It’s also known as Candlemas Day when there’s often a procession with blessed candles through the church, or in Latin or European countries through the streets. The sacred candles to be used at the altar for the coming year are also blessed at this time.

This is one of the old Christmas feasts as it is forty days after the birth of the baby Jesus. I’ll let our Gospel tell the story. . . .

When the days were completed for their purification according to the law of Moses, Mary and Joseph took Jesus up to Jerusalem to present him to the Lord,
just as it is written in the law of the Lord,
Every male that opens the womb shall be consecrated to the Lord, and to offer the sacrifice of a pair of turtledoves or two young pigeons, in accordance with the dictate in the law of the Lord.

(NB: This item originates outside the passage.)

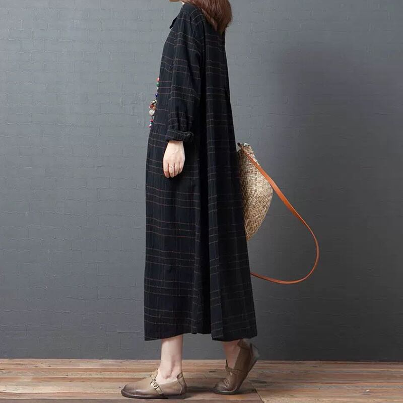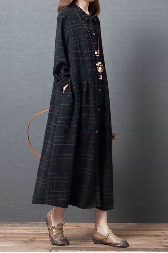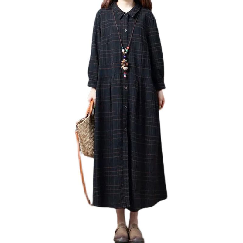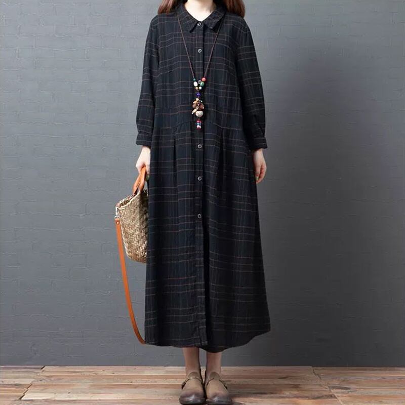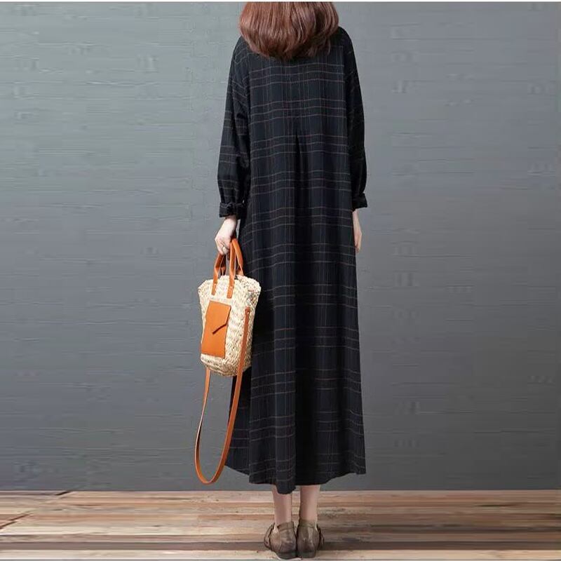 初回送料無料プラスサイズのルーズコットンリネンドレスチェック柄ワンピース

(This is one of the few times that St. Joseph appears in the Scriptures. As we see here it’s his role to accompany Mary on the somewhat arduous journey to Jerusalem for the consecration of their child.)

Now here are some of scripture-scholar William Barclay’s notes on this feast day. . . .

For this first section he says, Jesus is undergoing three ancient ceremonies every Jewish boy had to undergo.

1. Circumcision. Jewish boys were circumcised on the eighth day after his birth,

2. The ceremony of the Redemption of the First Born. According to the law (Exodus 23::2) every first-born male, both human beings and of cattle was sacred to God. That law may have been a recognition of the gracious power of God in giving human life.  Therefore there was a ceremony called the Redemption of the First-Born (Numbers 18:16).

3. The Purification after Childbirth.  When a woman had borne a child, if it is a boy, she is  considered unclean for forty days; if it is a girl for eighty days. She could go about her household duties, but she could not enter the temple or a attend a religious ceremony. At the end of that time, she had to bring to the temple a lamb for a burnt offering and a pigeon for a sin offering. That was a somewhat expensive sacrifice, and so it was laid down (Leviticus 12:8) that if she could not afford the lamb she could bring another pigeon.  The offering of the two pigeons was technically called the Offering of the Poor.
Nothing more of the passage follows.